JSD Superintendent Gelbrich to resign

School board notified of his intentions on Tuesday

After talks with the Juneau School District Board of Education, Superintendent Glenn Gelbrich has decided to step down from his post at the end of the school year, he said.


Gelbrich said he’s had conversations with the school board for “a couple of months” on why he needs to leave Juneau for the Lower 48, citing personal reasons.

“At this stage I don’t have another job, but I’m confident I’ll find another,” he said.

Gelbrich said the board asked unanimously for him to stay, but he rejected their request. He informed the board of his intent during an executive session at Tuesday’s school board meeting.

“I brought the letter in today,” he said Thursday. “The board will have a chance to see the letter in their (meeting) packet.”

Board President Sally Saddler said the board had a unified front on wanting Gelbrich to stay.
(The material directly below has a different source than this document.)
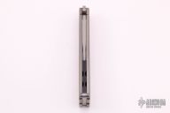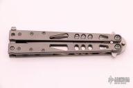 This Tachyon balisong by Microtech has a tumbled clip point blade and skeletonized bead blast titanium handles. Includes original velcro sheath. Excellent Condition. Dated 09/2002 and #1545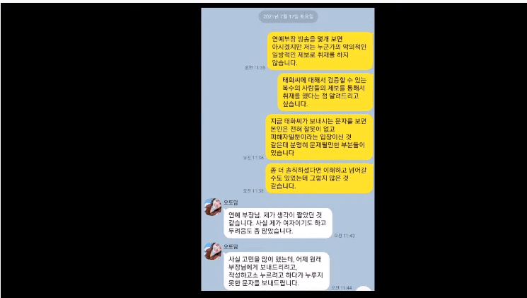 김용호는 오또맘에 대해 여러 제보를 받았다고 한다. 오또맘은 자신의 제보에 대해 사실을 말하고 싶다며 자신의 입장을 정리해서 카톡으로 보내겠다고 했다.

“The board has complete confidence in Glenn’s ability to carry out the mission and the vision of our strategic plan,” she said. “It saddens me that Glenn feels like he needs to leave because he is one of our community’s greatest treasures.”

Saddler said she believes Gelbrich is resigning because he feels he has become the focus of community members who disagree with what the district as a whole is doing.

“He thinks, ‘If I step out of the way maybe they’ll see this is the direction the board, the community and the administration is moving,’” she said.

She said she believes that if Gelbrich didn’t feel such pressure from a small group to leave, “that he would stay here and keep working.”

“We have a small number of people in our community who have not embraced our strategic plan and providing for every student,” Saddler said.

When asked if the district’s policy on middle school travel will change after Gelbrich’s departure, she said: “No, it was a board decision.”

Gelbrich took his post in July 2009, and his contract with the district runs through 2016. Under his leadership, graduation rates increased by 10 percent to an almost 80 percent rate in one year. He made teacher professional development a focus in the district. He was recently a finalist for superintendent positions in Kalispell, Mont., and Nampa, Idaho, but did not land either job.

Saddler said once Gelbrich has moved on, she feels some community members will continue to be upset with the district’s decisions; Gelbrich’s presence or lack thereof won’t make a difference.

“The interesting part is what will be the next problem; what will be the next reason we’re not achieving success?” Saddler said. “It becomes a moving target.”